Une étude sur des jumeaux

La peau est, comme les intestins et bien d’autres organes, tapissée d’une flore bactérienne. Ce ne sont pas des bactéries mauvaises, bien au contraire, elles vivent en symbiose sur et dans notre corps. Le microbiome de la peau varie en fonction des différentes zones. Ce sont ainsi les bactéries qui vivent au niveau des aisselles qui sont responsables de la production de composants volatiles libérant une odeur de transpiration.

Partis de ces connaissance, Chris Callewaert et son équipe ont mené une étude sur des jumeaux. L’un des deux présentait une mauvaise odeur tandis que l’autre non. Les scientifiques ont alors échangé les bactéries entre les deux. Pour cela, ils ont demandé au jumeau «sentant bon» de ne pas se laver pendant 4 jours afin que les bactéries, vivant en profondeur des aisselles, se développent et rejoignent la surface du corps.

Pendant ces mêmes jours, le frère «sentant mauvais» devait lui se laver quotidiennement les aisselles avec un savon anti-bactérien afin de préparer une surface vierge et accueillante pour les nouvelles bactéries. Chris Calleweart a ensuite récolté les peaux mortes contenant les «bonnes» bactéries du jumeau «sentant bon» puis les a tamponnées sur les aisselles du frère «sentant mauvais».

Ce dernier a vu ses odeurs corporelles rapidement disparaitre: «Les effets persistent depuis plus d’un an maintenant», a expliqué Callewaert «nous sommes très contents que ça fonctionne».

Des effets sur le long terme

Mais l’étude ne s’est pas arrêtée là. Les chercheurs ont décidé de répéter la procédure sur 18 autres binômes. Dans chaque cas, une personne «sentant bon» couplée avec une personne «sentant mauvais», généralement des membres proches.

Afin que l’étude soit scientifiquement valable, les chercheurs ont fait appel à un panel de 8 personnes chargées de juger l’odeur des personnes malodorantes avant et après chaque «transplantation». Résultat: sur les 18 binômes, 16 ont vu de nettes améliorations en à peine un mois.

La moitié du groupe a eu des effets sur le long terme, c’est-à -dire qui ont duré au moins 3 mois… Mieux que les déodorants 48 heures quand même. «Peut-être que la réponse est de changerleurs microbes avec ceux qui ne produisent pas ces composés volatils», a ajouté Emma Allen-Vercoe qui espère qu’une approche similaire pourrait être utile dans le traitement de certaines conditions cutanées, comme l’eczéma et le psoriasis.

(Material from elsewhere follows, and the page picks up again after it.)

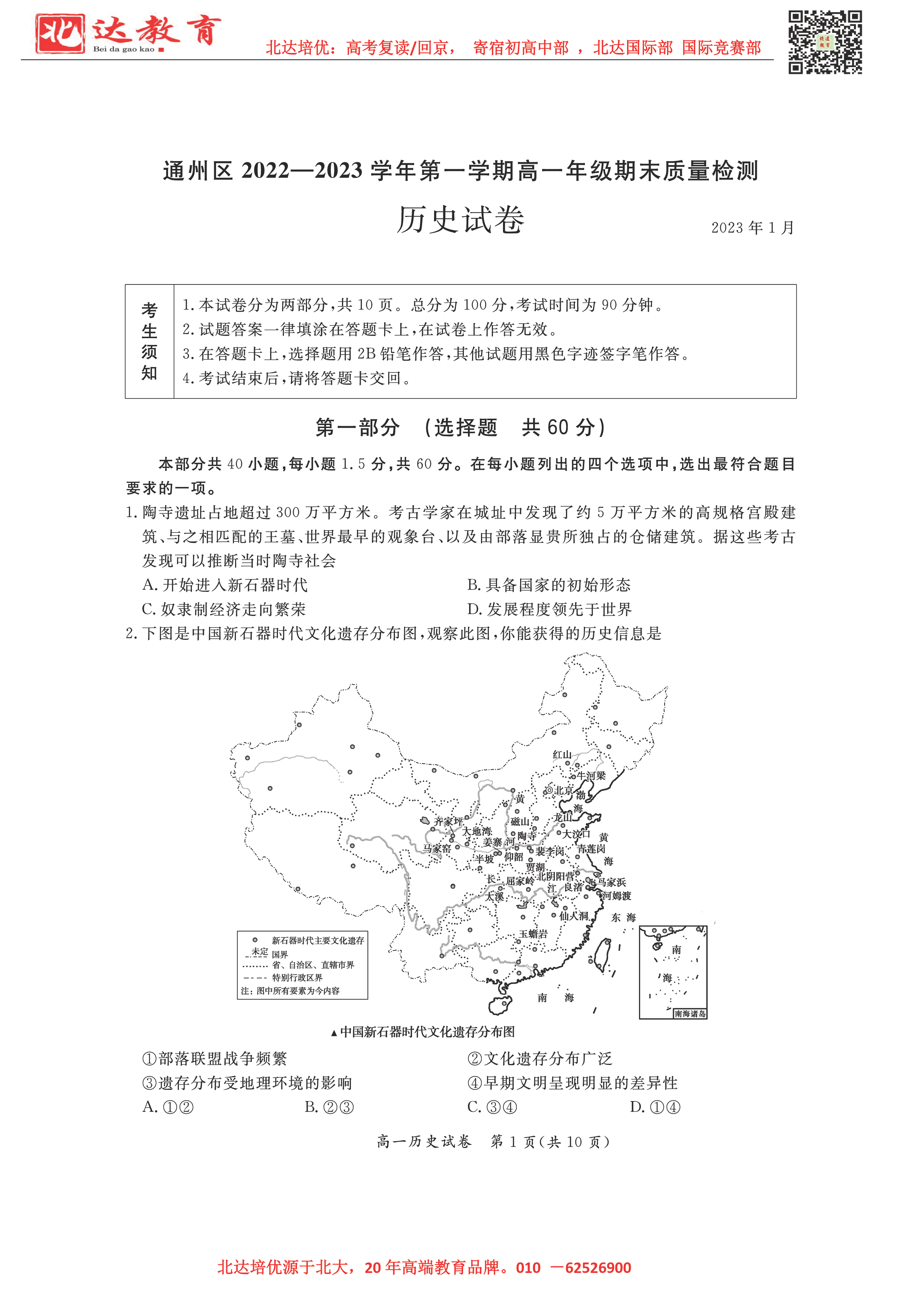 2023北京各区期末考试已陆续开始,为了方便同学们查找相关试题,admw360高考复读学校整理了2023年北京通州区高一上学期期末历史试题及答案,附高清电子版,欢迎为大家下载分享~

Quelques astuces pour sentir bon

C'est grâce à ces essais que l’idée de créer un produit à base de bactéries est né. Chris Callewaert et ses collègues tentent à présent de trouver un mélange de bactéries qui pourraient être utilisés plutôt que de faire appel à un proche. «C’est encore très expérimental, mais je suis sûr que cela peut fonctionner», a-t-il affirmé.

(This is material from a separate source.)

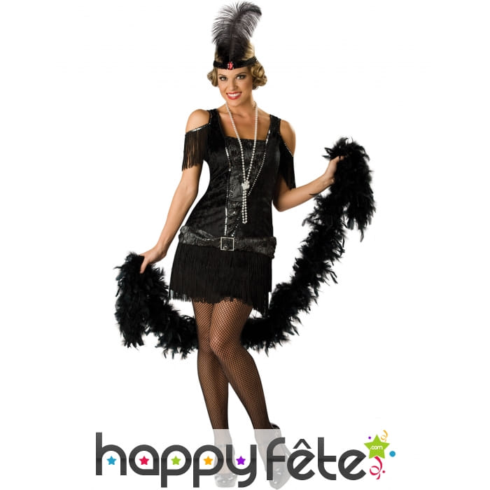La robe charleston noire courte modèle prémium est destinée aux femmes.

En attendant de peut-être voir apparaitre le produit sur le marché, il existe d’autres moyens pour améliorer la flore bactérienne des aisselles. En effet, les microbes se nourrissent de lipides, composés qui incluent les graisses et les huiles donc il est possible d’essayer de limiter la consommation des aliments gras.

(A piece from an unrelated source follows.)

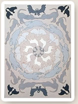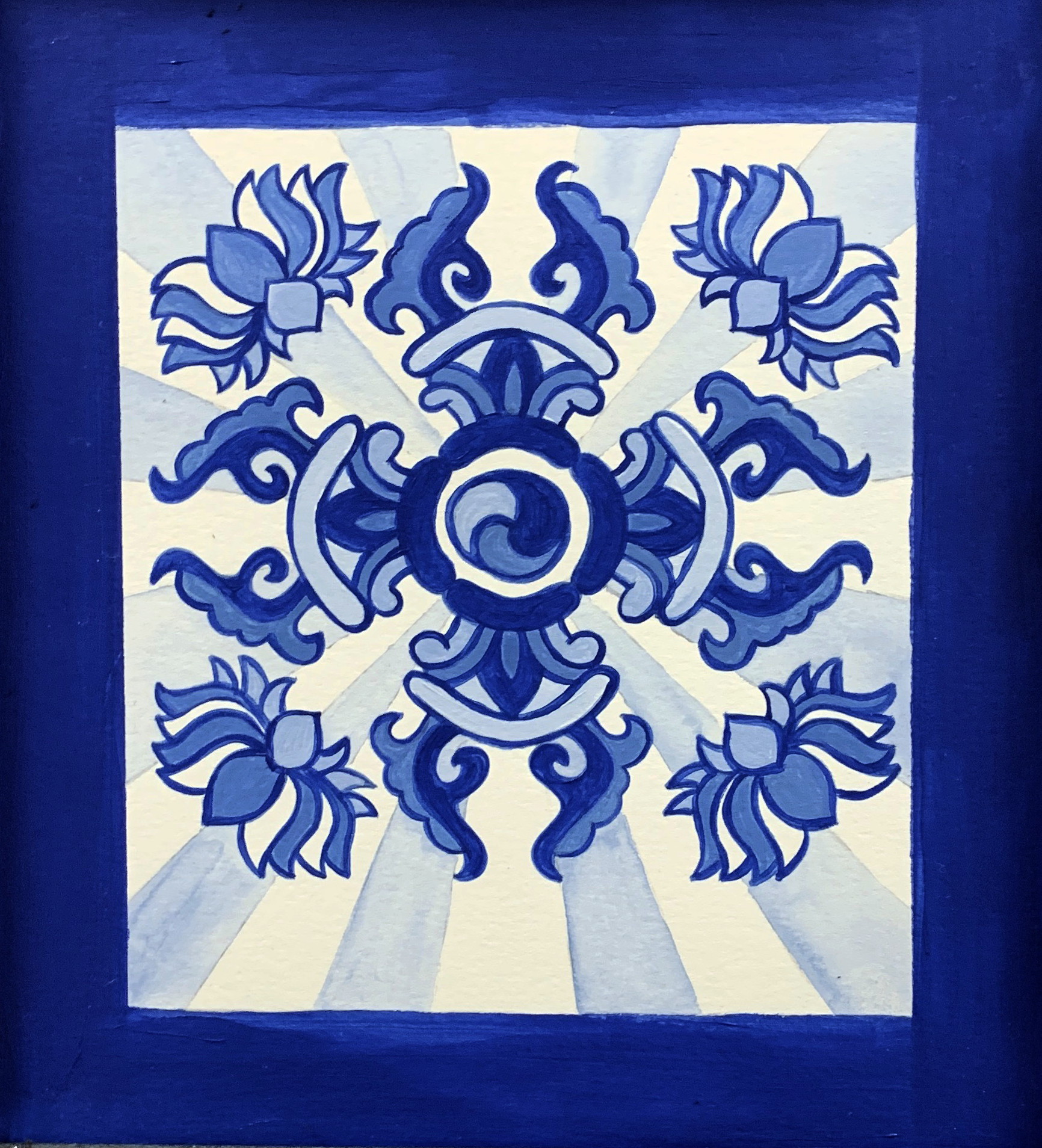empowerment. With so many distressing issues occurring worldwide, that we’re all facing collectively, I find it very important for us to seek peace and healing during times of transition. The color I’ve selected (Cobalt Blue) is a descendant of the color Azure Blue which can be linked to the Blue Buddha. This color in Tibetan culture represents tranquility, ascension, infinite, purity and healing. I’ve selected the Buddhist culture for my design inspiration because this culture shares similar values to my core values as an artist, such as the Four Noble Truths, which Buddha taught, the truth of suffering, the truth of the cause of suffering, the truth of the end of suffering, and the truth of the path that frees us from suffering. The thesis for my design is focused on the importance of alinement and balance in the world of experience. At the center of the composition is an abstract depiction of the Yin and Yang, symbol which represent balance. The shapes around the center can be represented as communities acting as a support structure. The surrounding Lotus flowers symbolize the enlightenment we will find collectively when we learn to work, live and love together. The rays beaming out of the composition represent the sun which is the source of life. I believe we’re all searching for truth and peace in our lives. I feel this design can speak to many target segments and be appreciated in home settings, many public settings such as office spaces, hospitals, school libraries or almost anywhere were individuals are seeking to find a sense of calmness or grounding during their day to day.

«Les gens qui mangent du fast-food et de la viande sentent plus mauvais, tandis que ceux qui se nourrissent de légumes sentent meilleur», a affirmé Callewaert. Se raser peut également aider, tout comme porter les bons vêtements. Lorsque nous portons des habits, nous transférons les bactéries sur le tissu et certains matériaux stimulent la croissance des bactéries associées aux mauvaises odeurs.

Le lavage des vêtements ne résout pas le problème. Le lavage contribue simplement à répandre les bactéries dans le contenu de la machine à laver. Le polyester en particulier est à éviter.